- PROVIDED MATERIAL
- - -

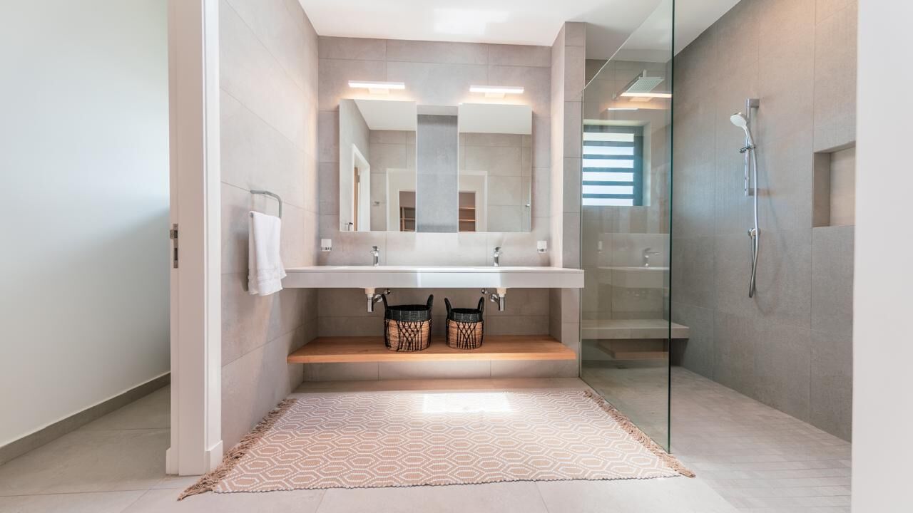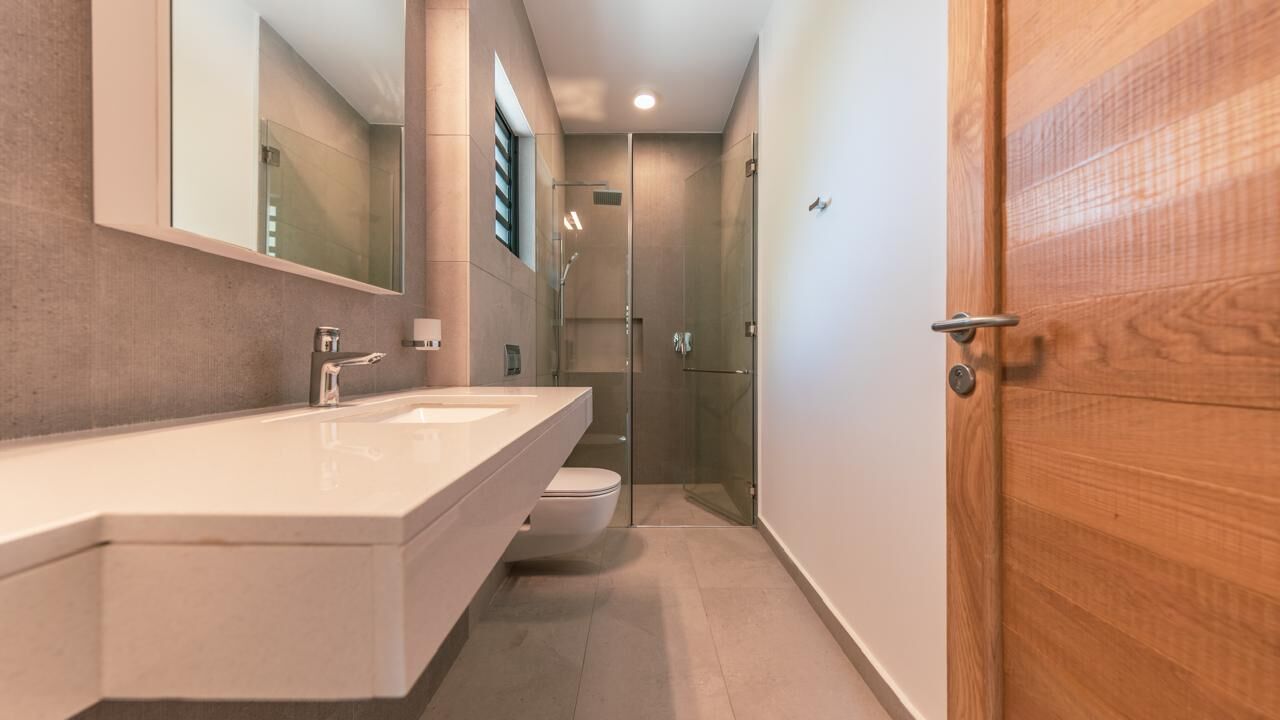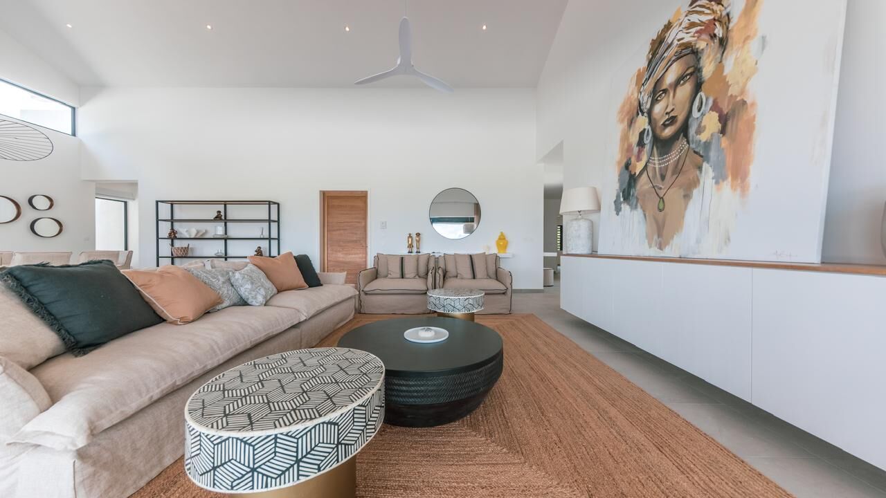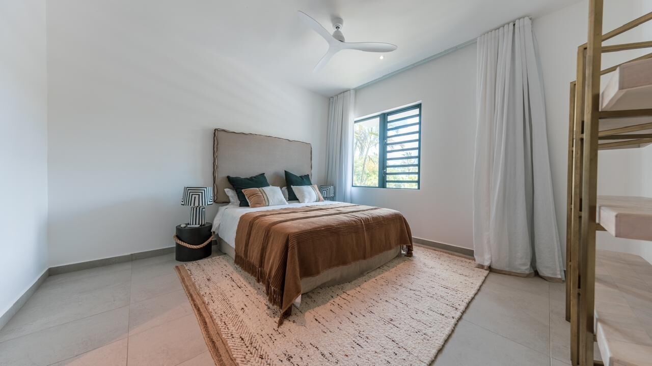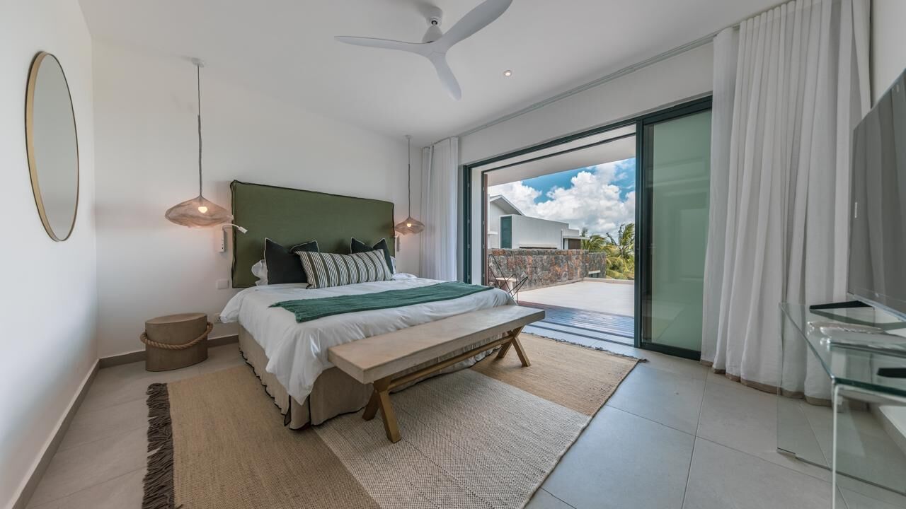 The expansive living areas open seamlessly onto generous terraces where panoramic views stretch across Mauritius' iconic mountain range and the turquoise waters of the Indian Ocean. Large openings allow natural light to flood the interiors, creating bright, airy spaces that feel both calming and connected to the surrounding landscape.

- - -

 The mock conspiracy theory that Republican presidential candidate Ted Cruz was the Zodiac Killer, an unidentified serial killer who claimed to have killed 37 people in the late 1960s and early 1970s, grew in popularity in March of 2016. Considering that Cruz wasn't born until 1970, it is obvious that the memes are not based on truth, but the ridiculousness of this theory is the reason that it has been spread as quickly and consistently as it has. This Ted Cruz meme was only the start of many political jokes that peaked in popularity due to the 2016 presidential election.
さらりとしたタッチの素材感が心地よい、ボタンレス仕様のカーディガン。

- - -

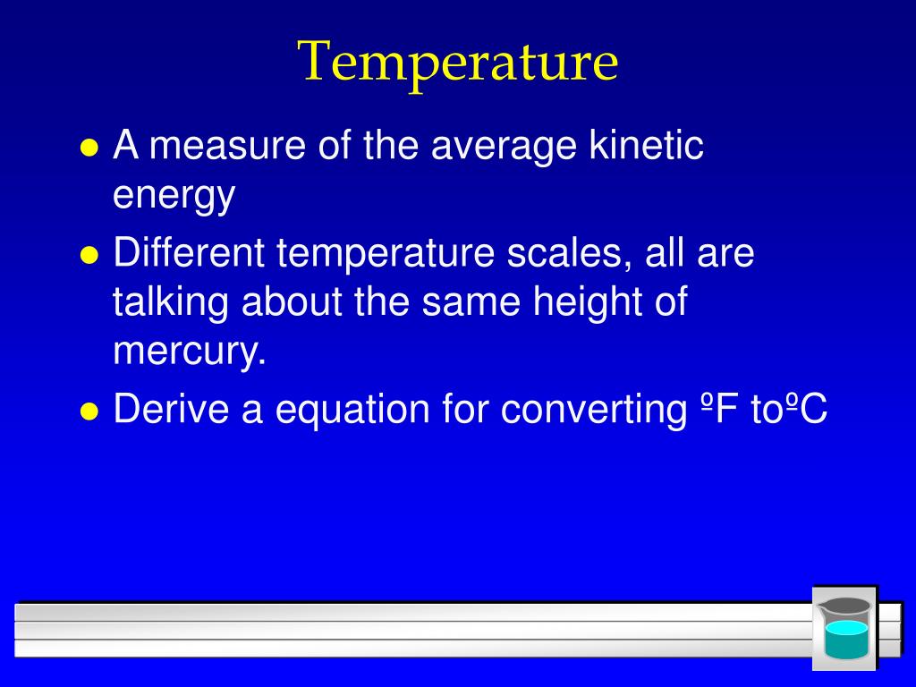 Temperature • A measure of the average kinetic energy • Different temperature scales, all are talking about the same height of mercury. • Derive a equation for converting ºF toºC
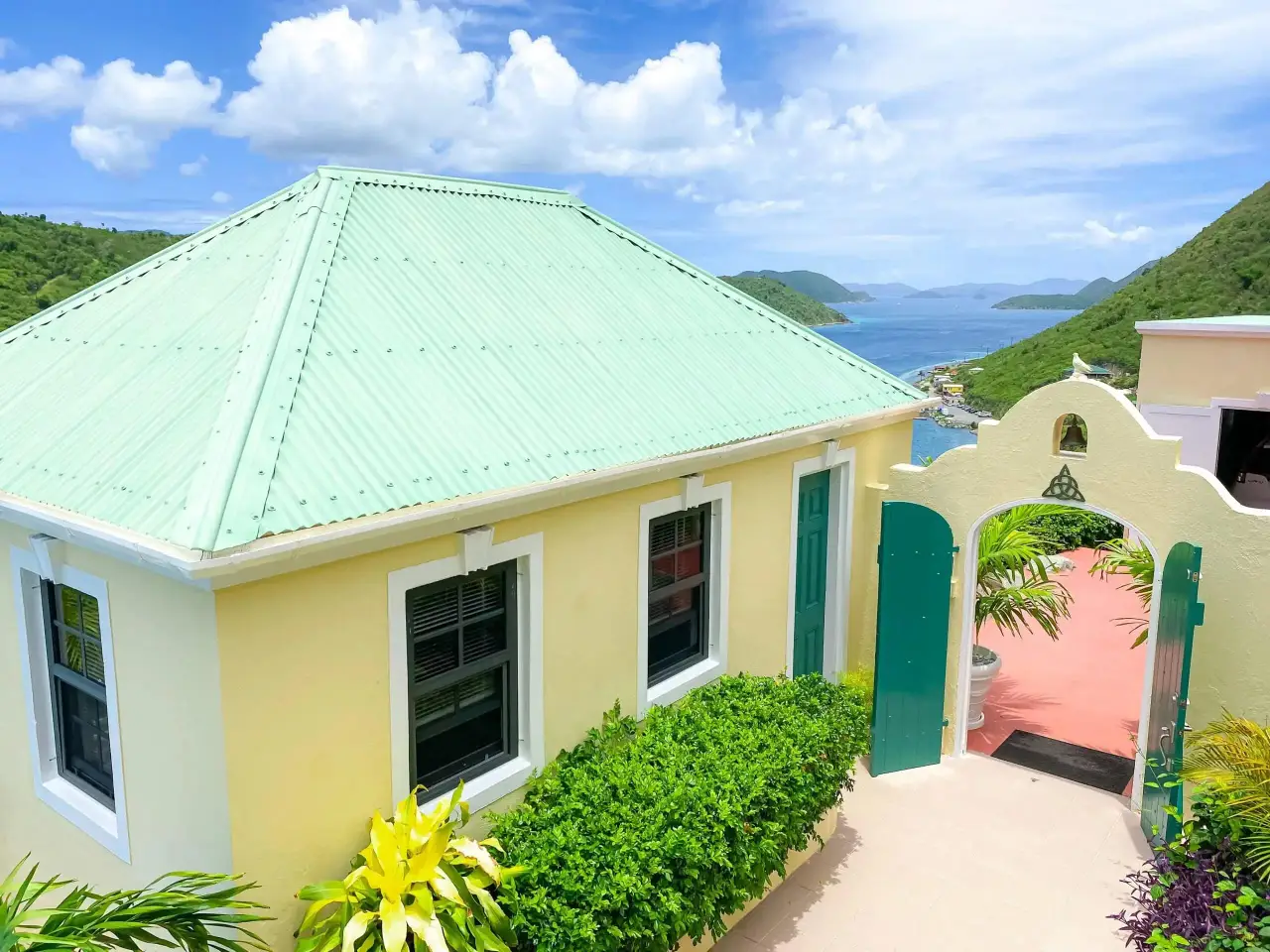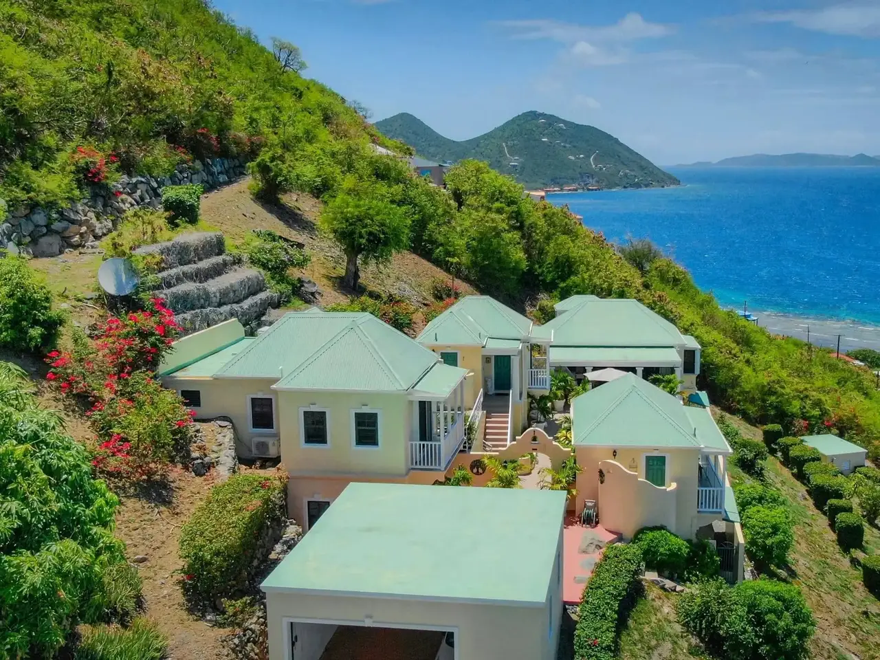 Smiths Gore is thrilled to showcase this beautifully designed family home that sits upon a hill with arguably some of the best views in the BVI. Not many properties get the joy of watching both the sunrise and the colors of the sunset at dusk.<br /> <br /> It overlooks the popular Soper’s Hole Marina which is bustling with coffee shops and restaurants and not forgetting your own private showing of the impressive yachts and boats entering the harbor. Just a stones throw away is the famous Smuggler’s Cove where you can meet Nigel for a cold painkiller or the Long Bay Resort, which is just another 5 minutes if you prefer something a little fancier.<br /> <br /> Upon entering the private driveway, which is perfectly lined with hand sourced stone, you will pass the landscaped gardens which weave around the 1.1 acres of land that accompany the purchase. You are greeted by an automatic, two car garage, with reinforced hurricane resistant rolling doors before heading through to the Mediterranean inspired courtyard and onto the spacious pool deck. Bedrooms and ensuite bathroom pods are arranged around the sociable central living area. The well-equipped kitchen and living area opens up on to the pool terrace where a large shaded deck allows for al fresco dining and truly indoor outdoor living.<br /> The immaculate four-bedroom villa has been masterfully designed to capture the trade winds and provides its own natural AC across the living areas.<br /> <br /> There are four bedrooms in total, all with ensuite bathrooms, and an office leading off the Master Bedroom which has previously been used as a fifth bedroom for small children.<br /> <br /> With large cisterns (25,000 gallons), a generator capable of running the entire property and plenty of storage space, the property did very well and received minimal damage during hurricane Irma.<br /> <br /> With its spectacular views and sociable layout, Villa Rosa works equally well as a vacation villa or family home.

- - -

- WORK REQUIRED
Lines to set down from above: the line with "The mock conspiracy", the line with "さらりとしたタッチの素材感が心地よい、ボタンレス仕様のカーディガン。", and every line between, each exactly as written.

- ANSWER SECTION
 The mock conspiracy theory that Republican presidential candidate Ted Cruz was the Zodiac Killer, an unidentified serial killer who claimed to have killed 37 people in the late 1960s and early 1970s, grew in popularity in March of 2016. Considering that Cruz wasn't born until 1970, it is obvious that the memes are not based on truth, but the ridiculousness of this theory is the reason that it has been spread as quickly and consistently as it has. This Ted Cruz meme was only the start of many political jokes that peaked in popularity due to the 2016 presidential election.
さらりとしたタッチの素材感が心地よい、ボタンレス仕様のカーディガン。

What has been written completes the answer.